* [YOUR INSTRUCTIONS]
Starting at the line with "Ideální první dřevěné", set down each line of the entries below through the last one, exactly as it stands.

* [Stored items]

================

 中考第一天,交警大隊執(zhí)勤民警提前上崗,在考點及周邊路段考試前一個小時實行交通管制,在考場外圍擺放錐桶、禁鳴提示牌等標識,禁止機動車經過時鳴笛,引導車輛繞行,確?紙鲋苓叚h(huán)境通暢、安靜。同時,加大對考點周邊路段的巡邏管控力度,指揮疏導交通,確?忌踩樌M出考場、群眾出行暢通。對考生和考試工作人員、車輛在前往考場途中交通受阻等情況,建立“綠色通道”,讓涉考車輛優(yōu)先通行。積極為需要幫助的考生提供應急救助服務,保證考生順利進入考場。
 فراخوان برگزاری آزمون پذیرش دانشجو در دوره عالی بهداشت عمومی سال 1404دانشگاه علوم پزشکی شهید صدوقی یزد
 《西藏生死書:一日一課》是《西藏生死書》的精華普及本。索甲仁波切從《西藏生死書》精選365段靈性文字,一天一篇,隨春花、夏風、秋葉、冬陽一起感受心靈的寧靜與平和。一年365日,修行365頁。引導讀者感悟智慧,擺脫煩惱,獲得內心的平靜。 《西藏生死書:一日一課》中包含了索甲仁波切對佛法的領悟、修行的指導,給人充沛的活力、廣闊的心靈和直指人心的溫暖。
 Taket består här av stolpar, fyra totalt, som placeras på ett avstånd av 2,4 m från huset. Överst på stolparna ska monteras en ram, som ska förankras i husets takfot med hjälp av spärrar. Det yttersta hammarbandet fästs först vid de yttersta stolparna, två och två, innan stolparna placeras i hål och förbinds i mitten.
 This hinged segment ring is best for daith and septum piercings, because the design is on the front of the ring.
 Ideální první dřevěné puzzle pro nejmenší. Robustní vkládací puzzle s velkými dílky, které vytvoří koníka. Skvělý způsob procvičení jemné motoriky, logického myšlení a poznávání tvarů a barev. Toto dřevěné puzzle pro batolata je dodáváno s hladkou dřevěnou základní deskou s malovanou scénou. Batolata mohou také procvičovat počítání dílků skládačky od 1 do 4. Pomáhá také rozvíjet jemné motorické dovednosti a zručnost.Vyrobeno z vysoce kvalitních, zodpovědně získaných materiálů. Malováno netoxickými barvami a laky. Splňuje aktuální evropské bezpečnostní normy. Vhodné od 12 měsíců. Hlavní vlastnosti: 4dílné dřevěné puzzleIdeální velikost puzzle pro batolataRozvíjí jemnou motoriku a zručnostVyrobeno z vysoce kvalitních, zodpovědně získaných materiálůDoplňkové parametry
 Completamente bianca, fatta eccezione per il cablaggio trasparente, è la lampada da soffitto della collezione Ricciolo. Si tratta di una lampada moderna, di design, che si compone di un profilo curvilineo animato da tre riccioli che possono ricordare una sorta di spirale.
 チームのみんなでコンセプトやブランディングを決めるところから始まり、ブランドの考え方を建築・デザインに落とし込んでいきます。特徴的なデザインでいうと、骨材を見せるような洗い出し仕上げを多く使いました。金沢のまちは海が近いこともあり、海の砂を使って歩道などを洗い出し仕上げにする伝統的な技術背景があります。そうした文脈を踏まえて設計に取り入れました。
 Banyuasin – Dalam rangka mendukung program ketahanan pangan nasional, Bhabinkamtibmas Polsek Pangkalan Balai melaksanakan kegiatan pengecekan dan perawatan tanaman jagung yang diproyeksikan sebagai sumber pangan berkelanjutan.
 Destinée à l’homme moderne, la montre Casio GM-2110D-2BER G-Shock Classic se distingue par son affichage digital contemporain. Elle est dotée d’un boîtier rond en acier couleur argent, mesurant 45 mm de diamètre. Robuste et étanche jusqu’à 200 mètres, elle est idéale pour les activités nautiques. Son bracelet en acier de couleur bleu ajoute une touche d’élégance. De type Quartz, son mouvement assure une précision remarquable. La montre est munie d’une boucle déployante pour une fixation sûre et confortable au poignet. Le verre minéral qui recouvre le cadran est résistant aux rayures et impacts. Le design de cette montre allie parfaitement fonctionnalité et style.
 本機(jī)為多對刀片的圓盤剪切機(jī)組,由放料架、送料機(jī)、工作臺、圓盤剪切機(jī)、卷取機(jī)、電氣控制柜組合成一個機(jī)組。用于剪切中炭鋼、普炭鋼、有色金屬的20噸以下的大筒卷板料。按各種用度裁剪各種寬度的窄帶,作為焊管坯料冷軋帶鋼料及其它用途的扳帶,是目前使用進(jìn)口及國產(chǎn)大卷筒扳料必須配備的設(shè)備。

================

* [EXPECTED ANSWER]
 Ideální první dřevěné puzzle pro nejmenší. Robustní vkládací puzzle s velkými dílky, které vytvoří koníka. Skvělý způsob procvičení jemné motoriky, logického myšlení a poznávání tvarů a barev. Toto dřevěné puzzle pro batolata je dodáváno s hladkou dřevěnou základní deskou s malovanou scénou. Batolata mohou také procvičovat počítání dílků skládačky od 1 do 4. Pomáhá také rozvíjet jemné motorické dovednosti a zručnost.Vyrobeno z vysoce kvalitních, zodpovědně získaných materiálů. Malováno netoxickými barvami a laky. Splňuje aktuální evropské bezpečnostní normy. Vhodné od 12 měsíců. Hlavní vlastnosti: 4dílné dřevěné puzzleIdeální velikost puzzle pro batolataRozvíjí jemnou motoriku a zručnostVyrobeno z vysoce kvalitních, zodpovědně získaných materiálůDoplňkové parametry
 Completamente bianca, fatta eccezione per il cablaggio trasparente, è la lampada da soffitto della collezione Ricciolo. Si tratta di una lampada moderna, di design, che si compone di un profilo curvilineo animato da tre riccioli che possono ricordare una sorta di spirale.
 チームのみんなでコンセプトやブランディングを決めるところから始まり、ブランドの考え方を建築・デザインに落とし込んでいきます。特徴的なデザインでいうと、骨材を見せるような洗い出し仕上げを多く使いました。金沢のまちは海が近いこともあり、海の砂を使って歩道などを洗い出し仕上げにする伝統的な技術背景があります。そうした文脈を踏まえて設計に取り入れました。
 Banyuasin – Dalam rangka mendukung program ketahanan pangan nasional, Bhabinkamtibmas Polsek Pangkalan Balai melaksanakan kegiatan pengecekan dan perawatan tanaman jagung yang diproyeksikan sebagai sumber pangan berkelanjutan.
 Destinée à l’homme moderne, la montre Casio GM-2110D-2BER G-Shock Classic se distingue par son affichage digital contemporain. Elle est dotée d’un boîtier rond en acier couleur argent, mesurant 45 mm de diamètre. Robuste et étanche jusqu’à 200 mètres, elle est idéale pour les activités nautiques. Son bracelet en acier de couleur bleu ajoute une touche d’élégance. De type Quartz, son mouvement assure une précision remarquable. La montre est munie d’une boucle déployante pour une fixation sûre et confortable au poignet. Le verre minéral qui recouvre le cadran est résistant aux rayures et impacts. Le design de cette montre allie parfaitement fonctionnalité et style.
 本機(jī)為多對刀片的圓盤剪切機(jī)組,由放料架、送料機(jī)、工作臺、圓盤剪切機(jī)、卷取機(jī)、電氣控制柜組合成一個機(jī)組。用于剪切中炭鋼、普炭鋼、有色金屬的20噸以下的大筒卷板料。按各種用度裁剪各種寬度的窄帶,作為焊管坯料冷軋帶鋼料及其它用途的扳帶,是目前使用進(jìn)口及國產(chǎn)大卷筒扳料必須配備的設(shè)備。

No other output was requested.